November 2010

Volume 25 Number 11

Forecast: Cloudy - SQL Azure and Microsoft Azure Table Storage

By Joseph Fultz | November 2010

Joseph FultzA common scenario that plays out in my family is that we decide to take it easy for the evening and enjoy a night out eating together. Everyone likes this and enjoys the time to eat and relax. We have plenty of restaurant choices in our area so, as it turns out, unless someone has a particularly strong preference, we get stuck in the limbo land of deciding where to eat.

It’s this same problem of choosing between seemingly equally good choices that I find many of my customers and colleagues experience when deciding what storage mechanism to use in the cloud. Often, the point of confusion is understanding the differences between Azure Table Storage and SQL Azure.

I can’t tell anyone which technology choice to make, but I will provide some guidelines for making the decision when evaluating the needs of the solution and the solution team against the features and the constraints for both Azure Table Storage and SQL Azure. Additionally, I’ll add in a sprinkle of code so you can get the developer feel for working with each.


Data Processing

SQL Azure and other relational databases usually provide data-processing capabilities on top of a storage system. Generally, RDBMS users are more interested in data processing than the raw storage and retrieval aspects of a database.

For example, if you want to find out the total revenue for the company in a given period, you might have to scan hundreds of megabytes of sales data and calculate a SUM. In a database, you can send a single query (a few bytes) to the database that will cause the database to retrieve the data (possibly many gigabytes) from disk into memory, filter the data based on the appropriate time range (down to several hundred megabytes in common scenarios), calculate the sum of the sales figures and return the number to the client application (a few bytes).

To do this with a pure storage system requires the machine running the application code to retrieve all of the raw data over the network from the storage system, and then the developer has to write the code to execute a SUM on the data. Moving a lot of data from storage to the app for data processing tends to be very expensive and slow.

SQL Azure provides data-processing capabilities through queries, transactions and stored procedures that are executed on the server side, and only the results are returned to the app. If you have an application that requires data processing over large data sets, then SQL Azure is a good choice.

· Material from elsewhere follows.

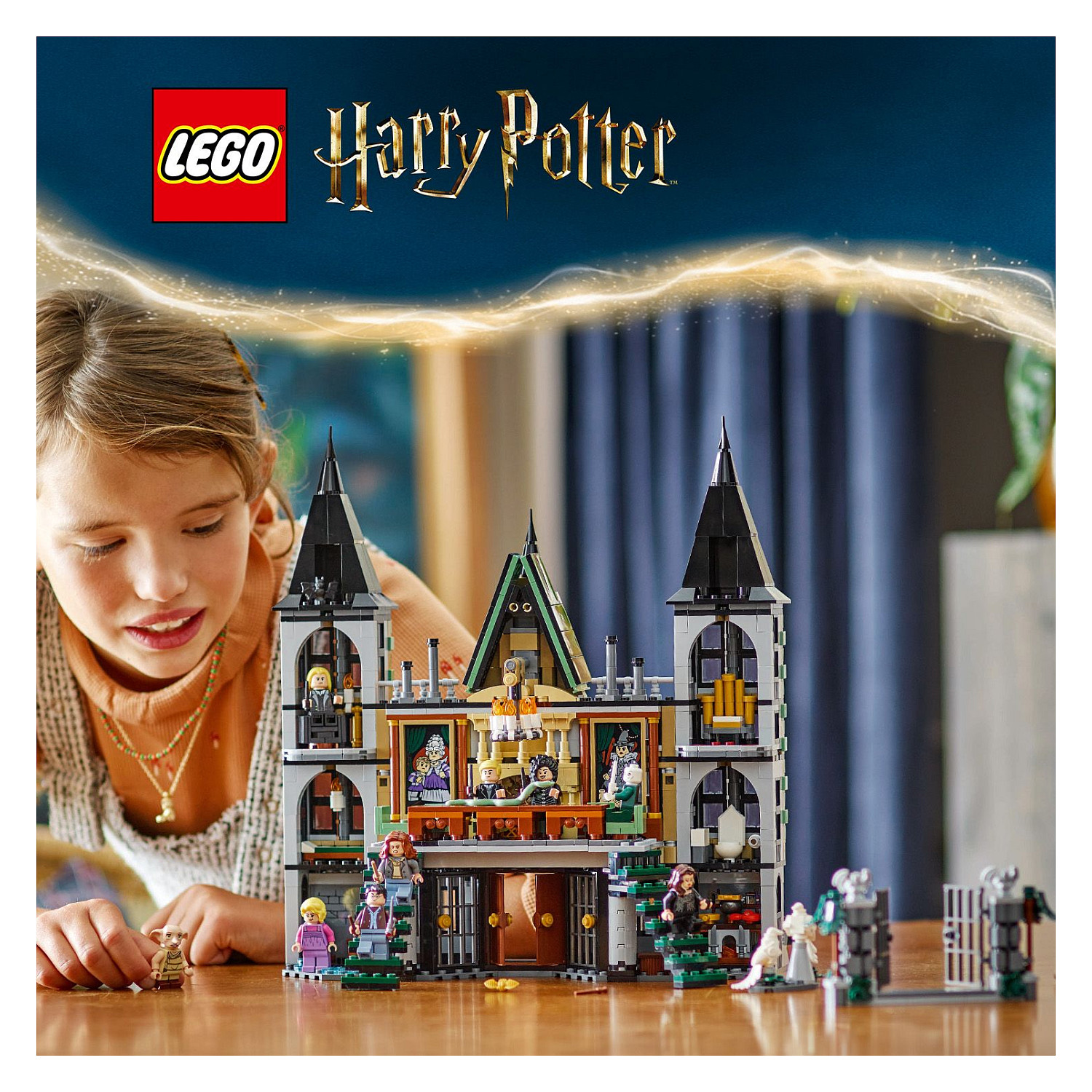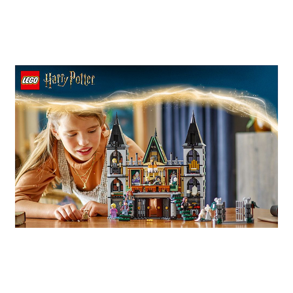 LEGO® Harry Potter™ Landsitz der Familie Malfoy (76453) lässt Kinder eine spannende Szene aus Harry Potter und die Heiligtümer des Todes nachstellen. Dieses Set enthält das allererste LEGO Modell des Landsitzes. Das Harry Potter Set zum Bauen, Spielen und Ausstellen ist ein magisches Geschenk für Jungen, Mädchen und alle großen Fans der Zauberwelt. Draco Malfoys Haus ist detailgetreu mit dem Gesellschaftszimmer samt einer Funktion, die den Kronleuchter herunterfallen lässt, mit Dracos Schlafzimmer sowie mit 2 Treppen in den Keller nachgebildet, in dem Harry Potter eingesperrt ist. 9 Minifiguren, unter anderem Narzissa Malfoy, Lord Voldemort™ und Dobby™, sowie die Spielzeugfigur Nagini lassen Kinder kreativ spielen.

If you have an app that stores and retrieves (scans/filters) large datasets but does not require data processing, then Azure Table Storage is a superior choice.

—Tony Petrossian, Principal Program Manager, Microsoft Azure


Reviewing the Options

Expanding the scope briefly to include the other storage mechanisms in order to convey a bit of the big picture, at a high level it’s easy to separate storage options into these big buckets:

  • Relational data access: SQL Azure
  • File and object access: Azure Storage
  • Disk-based local cache: role local storage

However, to further qualify the choices, you can start asking some simple questions such as:

  • How do I make files available to all roles commonly?
  • How can I make files available and easily update them?
  • How can I provide structured access semantics, but also provide sufficient storage and performance?
  • Which provides the best performance or best scalability?
  • What are the training requirements?
  • What is the management story?

The path to a clear decision starts to muddy and it’s easy to get lost in a feature benefit-versus-constraint comparison. Focusing back on SQL Azure and Azure Table Storage, I’m going to describe some ideal usage patterns and give some code examples using each.

SQL Azure Basics

SQL Azure provides the base functionality of a relational database for use by applications. If an application has data that needs to be hosted in a relational database management system (RDBMS), then this is the way to go. It provides all of the common semantics for data access via SQL statements. In addition, SQL Server Management Studio (SSMS) can hook directly up to SQL Azure, which provides for an easy-to-use and well-known means of working with the database outside of the code.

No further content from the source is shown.